- [EXERCISE OBJECTIVE]
Word for word, restate the lines of the data below between those holding "6帖(2階)・洋室 8帖(2階) |" and "серебро | |", inclusive; pictures do not belong in the copy.

- [STORED DATA]
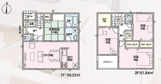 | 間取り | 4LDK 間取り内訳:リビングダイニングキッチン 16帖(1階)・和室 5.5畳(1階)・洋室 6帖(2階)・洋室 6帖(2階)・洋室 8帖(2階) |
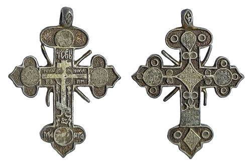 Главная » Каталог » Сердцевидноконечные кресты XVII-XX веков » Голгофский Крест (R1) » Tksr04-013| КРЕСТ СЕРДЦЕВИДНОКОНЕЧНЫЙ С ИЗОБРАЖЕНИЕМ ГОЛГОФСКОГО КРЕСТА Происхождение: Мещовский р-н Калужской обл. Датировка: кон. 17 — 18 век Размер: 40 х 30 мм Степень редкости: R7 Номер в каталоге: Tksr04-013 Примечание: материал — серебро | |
==
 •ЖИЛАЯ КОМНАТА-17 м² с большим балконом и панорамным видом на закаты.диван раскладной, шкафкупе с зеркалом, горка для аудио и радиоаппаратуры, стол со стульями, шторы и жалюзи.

- [WRITTEN SOLUTION]
 | 間取り | 4LDK 間取り内訳:リビングダイニングキッチン 16帖(1階)・和室 5.5畳(1階)・洋室 6帖(2階)・洋室 6帖(2階)・洋室 8帖(2階) |
 Главная » Каталог » Сердцевидноконечные кресты XVII-XX веков » Голгофский Крест (R1) » Tksr04-013| КРЕСТ СЕРДЦЕВИДНОКОНЕЧНЫЙ С ИЗОБРАЖЕНИЕМ ГОЛГОФСКОГО КРЕСТА Происхождение: Мещовский р-н Калужской обл. Датировка: кон. 17 — 18 век Размер: 40 х 30 мм Степень редкости: R7 Номер в каталоге: Tksr04-013 Примечание: материал — серебро | |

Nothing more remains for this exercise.